The most straightforward images in this show document now vulnerable landscapes – once protected National Monuments that are now smaller in size or open to more commercial use, risking the permanent degradation or destruction of the natural wonders that exist there. The photographs are stirring reminders or clarion calls, the beauty of the endless forests of green cacti in the Sonoran Desert and the striated grey and white mesas of the Petrified Forest now in peril.
Epstein’s photographs of actual protests aren’t documents of angry crowds or overflowing marches – instead, they are scaled down to the individual, making the rebellions more poignant and personal. Protests against the Dakota Access Pipeline (and the potential contamination of fresh water sources on Sioux Reservation lands in North Dakota) became a standoff with bulldozers, water cannons, and police in riot gear, but Epstein’s images instead follow a meditative prayer walk through the snow covered fields and sit down in an improvised camp site, the resistance measured by unwavering but humble presence. Other protests in Pennsylvania turn to the trees as the battleground, with photographs of treetop sit-ins to protect the massive white pines and the determined face of a young protester whose protected arms embrace a threatened tree. Again, Epstein traces the quiet rhythms of these movements, rather than the shouting.
When Epstein turns his attention to the Mexican border and the nation’s new immigration regime, the rusting steel slatted wall that has been photographed by so many becomes the site of an intimate moment of personal anguish, with an older woman resting her head on the bars in exhaustion and despair. The picture captures the emotional trauma of that wall, even when we don’t know the backstory to the physical separation of this particular person. Another image shows us the inside of a refugee halfway house in El Paso, where the spartan conditions are made more welcoming by colored walls and freshly folded towels.

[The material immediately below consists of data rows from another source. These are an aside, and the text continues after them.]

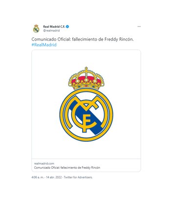 El Real Madrid, su presidente y su Junta Directiva, “lamentan profundamente el fallecimiento de Freddy Rincón, jugador del Real Madrid entre 1995 y 1996″, expresó el equipo merengue a través de un comunicado oficial que publicó en su página web. “El Real Madrid quiere expresar sus condolencias y su cariño y afecto a todos sus familiares, a sus compañeros y técnicos, a sus clubes y a todos sus seres queridos. Rincón ganó 1 Mundial de Clubes y 2 Ligas de Brasil con el Corinthians, 2 Ligas de Colombia con el América de Cali y 1 Copa de Colombia con el Independiente Santa Fe”, puntualizó.
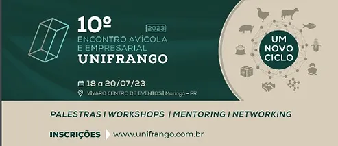 A Unifrango promove agora de 18 a 20 de Julho em Maringá o 10º ENCONTRO AVÍCOLA E EMPRESARIAL UNIFRANGO, com palestras, workshops, mentoring e networking que irão compor a programação, especialmente voltada ao segmento agro na cadeia produtiva de proteína animal.
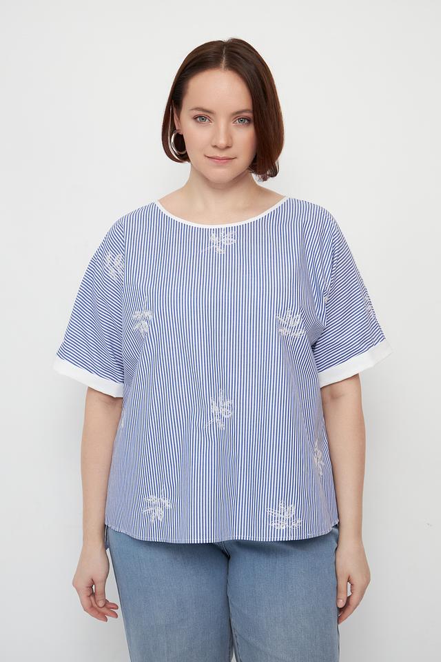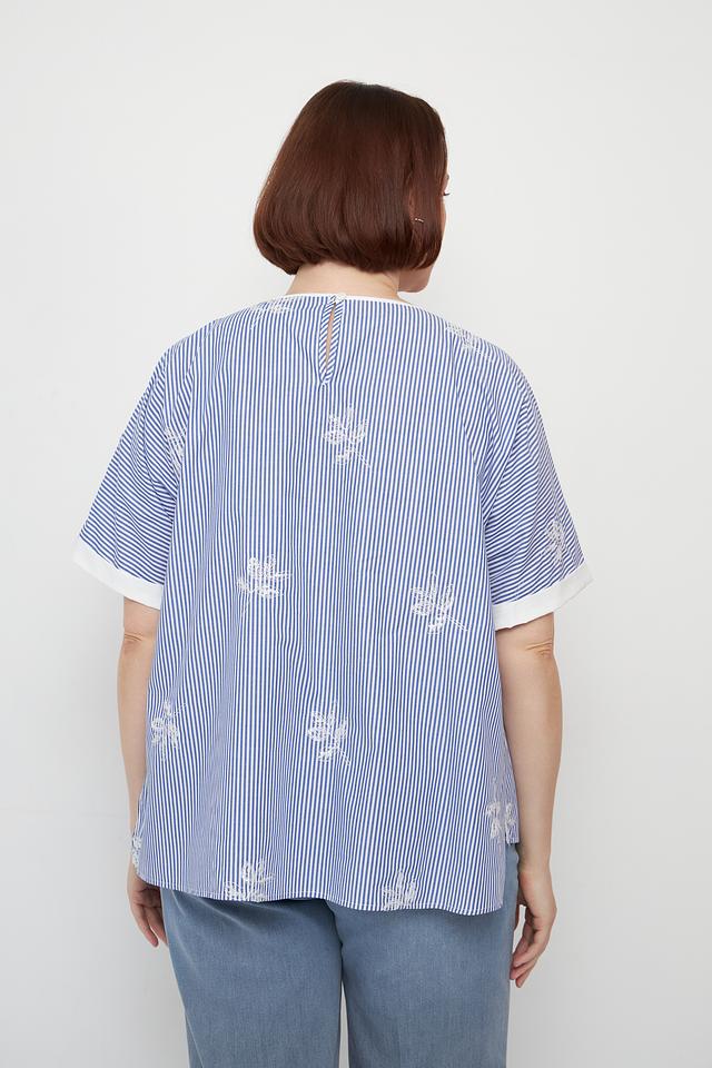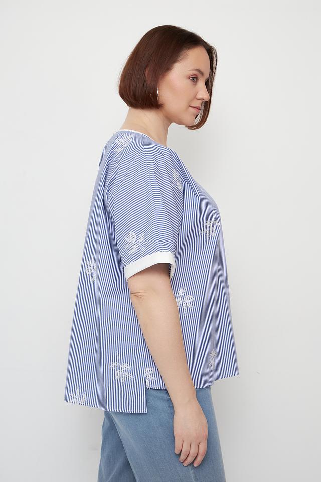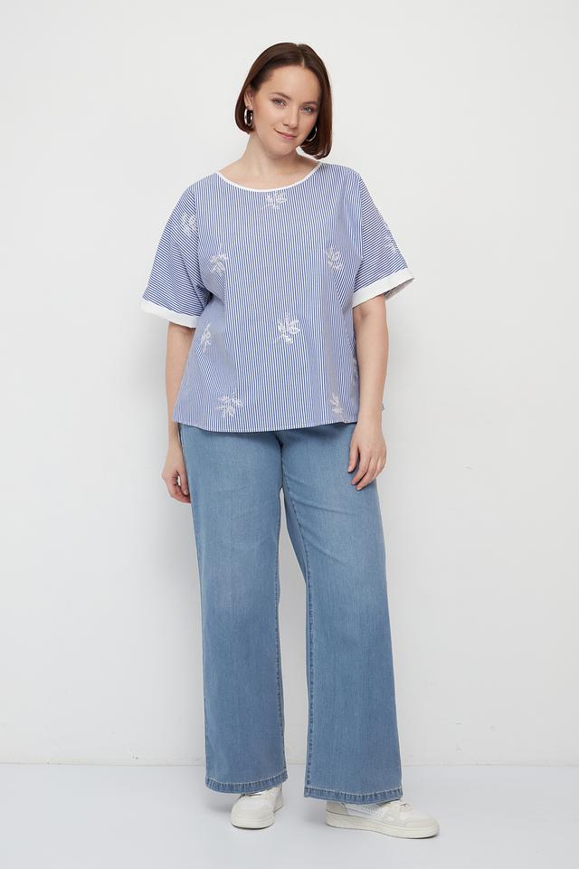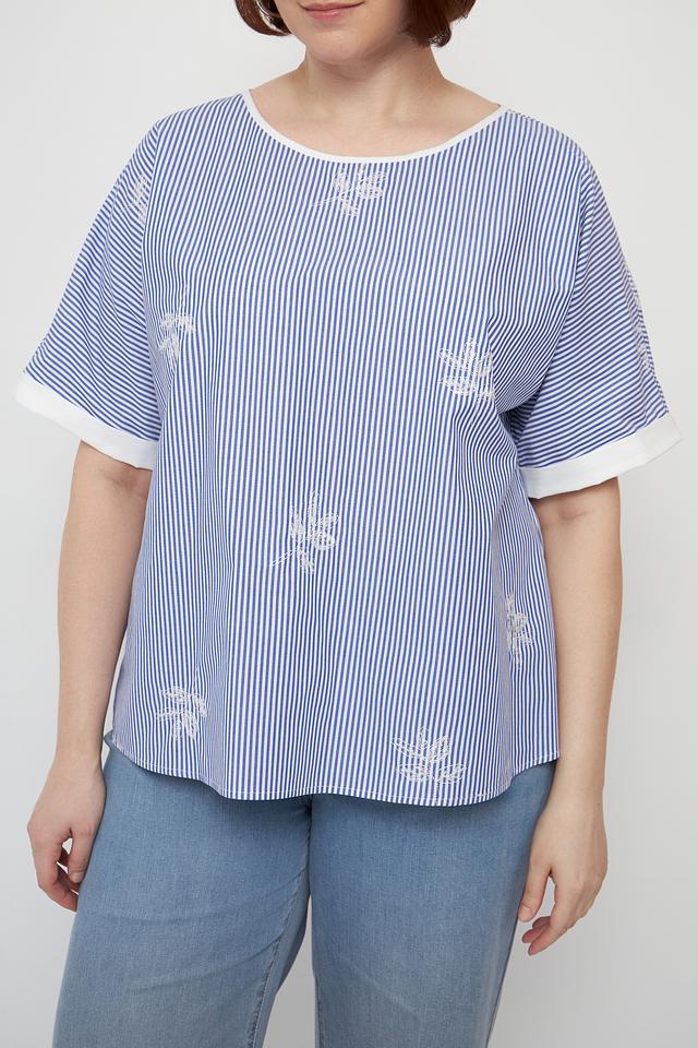 Блуза Gaia голубого цвета в белую полоску украшена нежной цветочной вышивкой. Модель свободного кроя с короткими рукавами и округлым вырезом горловины выполнена из 100% хлопка, что обеспечивает комфорт в носке. Состав: хлопок 100%
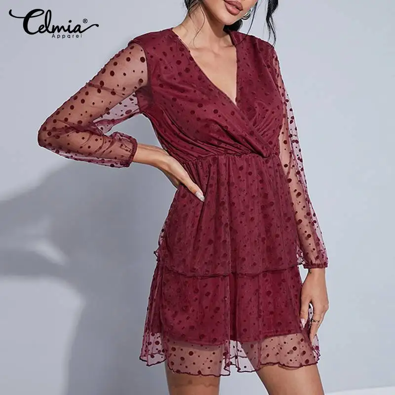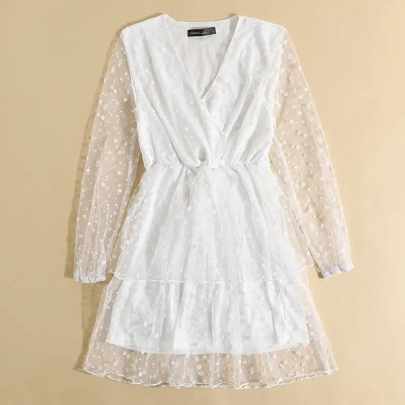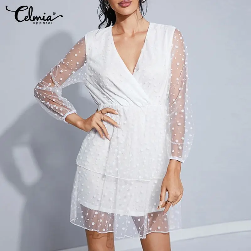 Сарафан женский в горошек, сетчатый прозрачный, сексуальный, с V-образным вырезом, лето 2021
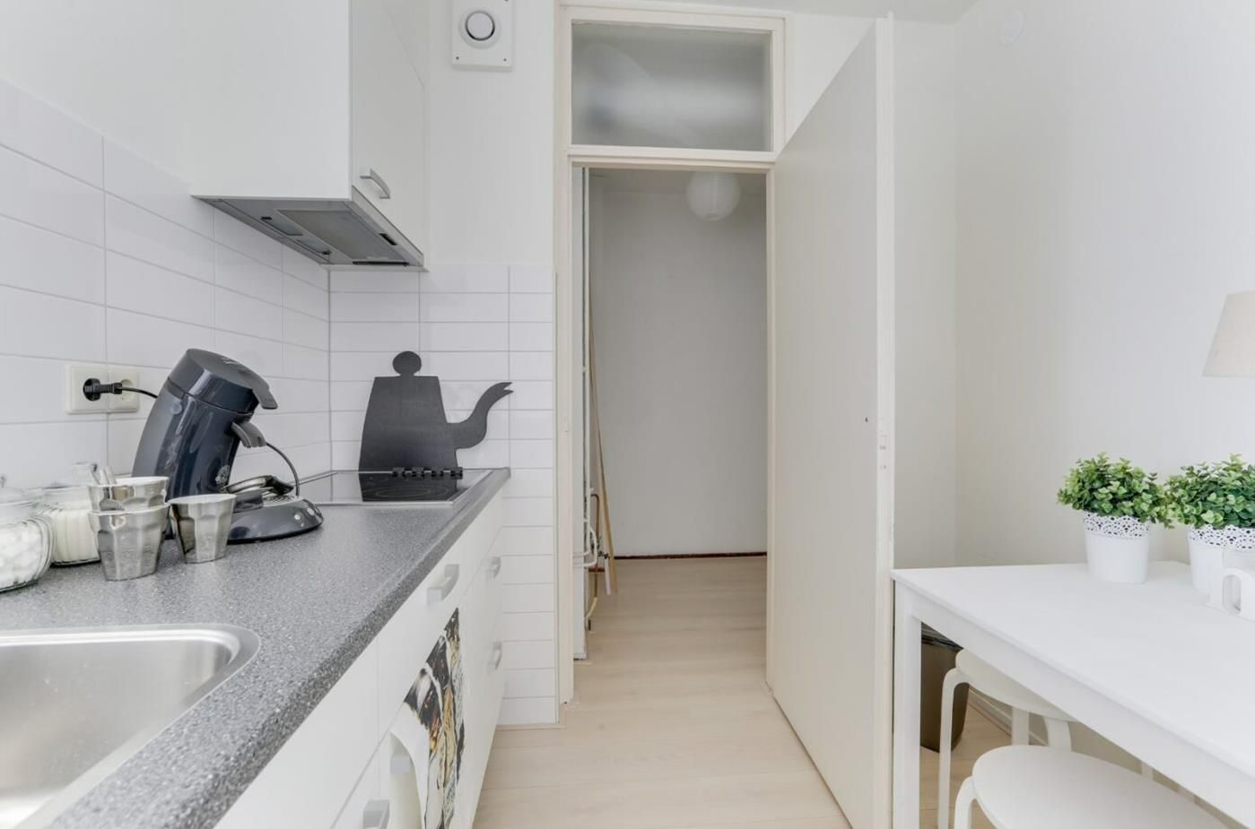 • Woonkamer met half open keuken (voorzien van kookplaat en afzuigkap)

The strongest images in the show come when Epstein engages with iconic (and therefore loaded) American symbols. His image of Mount Rushmore is shrouded in white fog, the carved faces of the presidents almost entirely obscured, allowing us to imagine the site called the Six Grandfathers by the Sioux in an unblemished state. The photograph also provides a visual metaphor for presidential power lost in the mist. A second image captures an American flag flapping in the wind, its bright colors caught by the sunshine – but soon we realize the flag is flying upside down, hung that way by military veterans at the Standing Rock protests as a sign of distress. As a symbol for this moment in the nation’s history, it graphically represents a country seemingly inverted.
Making art that successfully engages with contemporary politics is a tough challenge, but failing to respond to the nation’s troubled situation is equally difficult for many. Not every one of Epstein’s images from this recent series is durably memorable, but several of the photographs on view here find the same kind of incisiveness found in his 2005 image of a dry cleaned American flag hanging in plastic. The best of these pictures captures a sense of vital communal protectiveness, where threats to our values bring out our determined humanity.
Collector’s POV: The prints in this show range in price from $15000 to $45000, based on size. Epstein’s work has become more available in the secondary markets in past few years, but the volume of prints for sale has still been relatively small, with prices ranging between $2000 and $63000.